Try it
The answer is the exact run of lines in the listing below from the line containing "Tag Keychains Made" up to and including the line containing "У Львові стандартно", with pictures removed.

Given data
=== Section Start ===
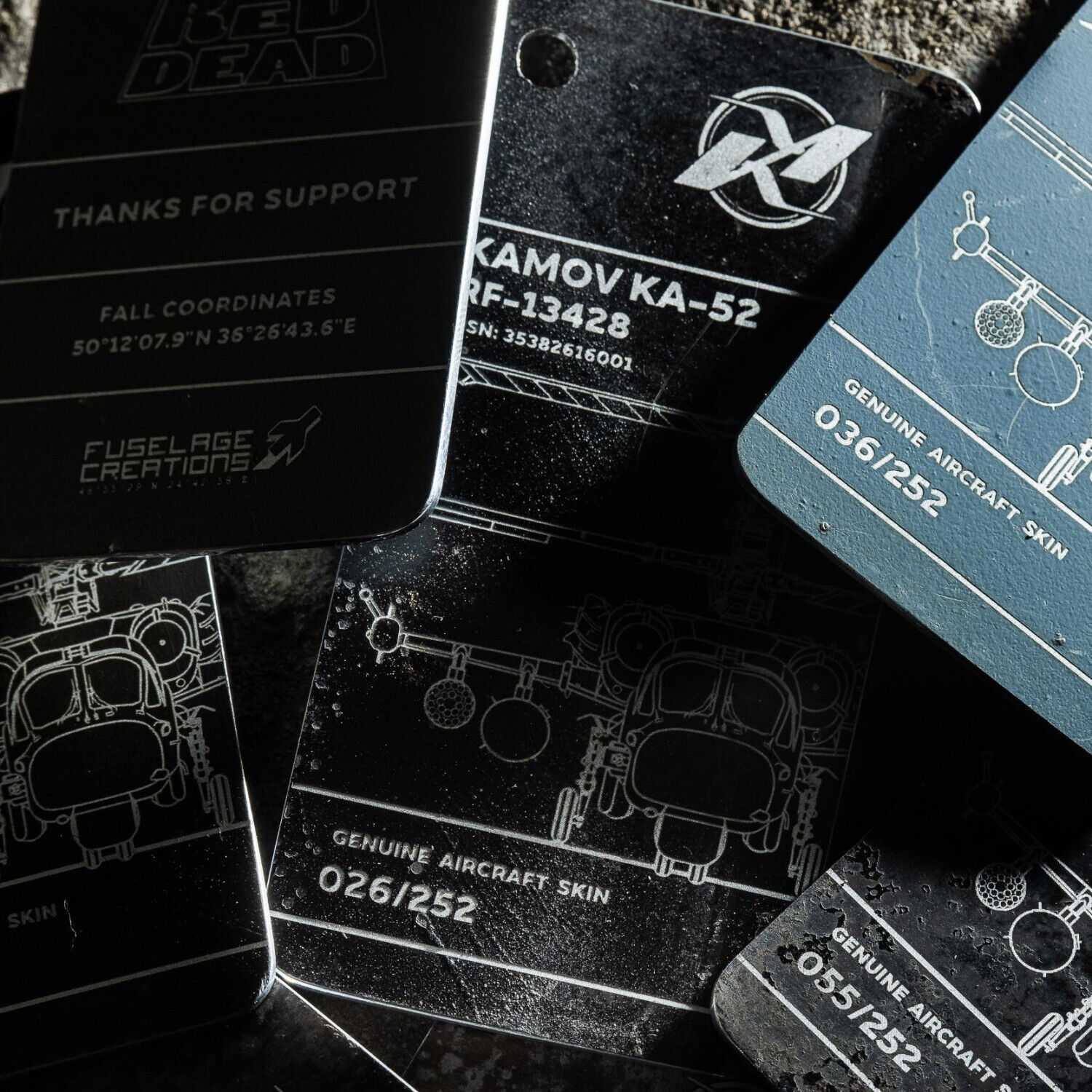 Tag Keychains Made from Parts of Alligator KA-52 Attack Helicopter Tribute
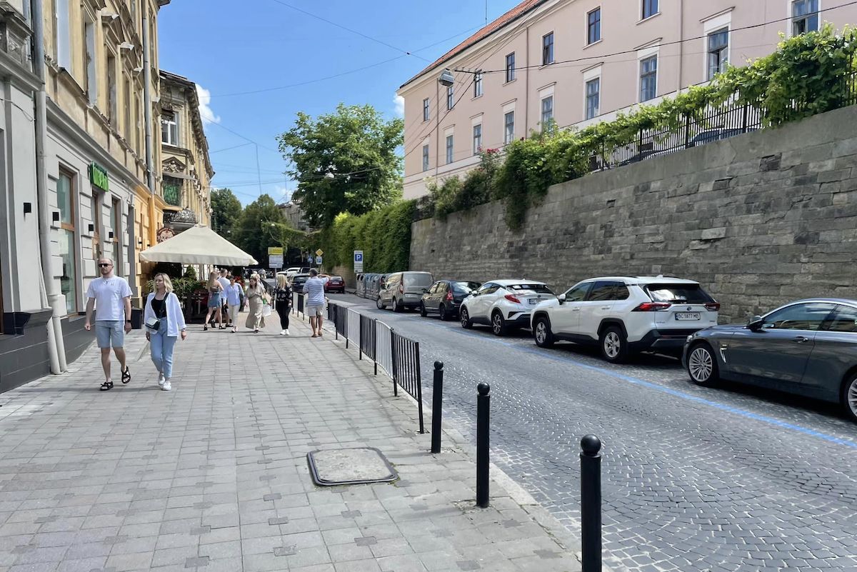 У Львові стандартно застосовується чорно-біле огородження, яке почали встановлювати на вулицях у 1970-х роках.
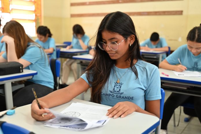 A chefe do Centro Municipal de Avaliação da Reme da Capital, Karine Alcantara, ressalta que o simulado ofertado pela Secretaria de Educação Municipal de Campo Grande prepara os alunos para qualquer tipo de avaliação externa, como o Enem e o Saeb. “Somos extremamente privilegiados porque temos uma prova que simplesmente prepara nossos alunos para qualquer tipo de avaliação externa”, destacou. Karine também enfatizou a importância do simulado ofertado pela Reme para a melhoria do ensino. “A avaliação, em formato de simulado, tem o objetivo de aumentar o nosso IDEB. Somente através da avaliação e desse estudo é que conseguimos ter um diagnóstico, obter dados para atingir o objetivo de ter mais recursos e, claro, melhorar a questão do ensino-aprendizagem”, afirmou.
=== Section End ===
=== Section Start ===
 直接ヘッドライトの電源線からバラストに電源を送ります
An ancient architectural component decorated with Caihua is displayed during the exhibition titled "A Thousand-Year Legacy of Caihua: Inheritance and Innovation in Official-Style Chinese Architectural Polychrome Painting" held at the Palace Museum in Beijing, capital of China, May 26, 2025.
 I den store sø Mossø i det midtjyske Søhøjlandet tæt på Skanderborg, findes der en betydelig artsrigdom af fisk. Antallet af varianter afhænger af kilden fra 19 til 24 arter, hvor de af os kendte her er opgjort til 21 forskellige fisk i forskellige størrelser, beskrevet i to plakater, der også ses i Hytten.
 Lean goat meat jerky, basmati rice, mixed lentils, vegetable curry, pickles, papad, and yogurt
=== Section End ===
Task answer
 Tag Keychains Made from Parts of Alligator KA-52 Attack Helicopter Tribute
 У Львові стандартно застосовується чорно-біле огородження, яке почали встановлювати на вулицях у 1970-х роках.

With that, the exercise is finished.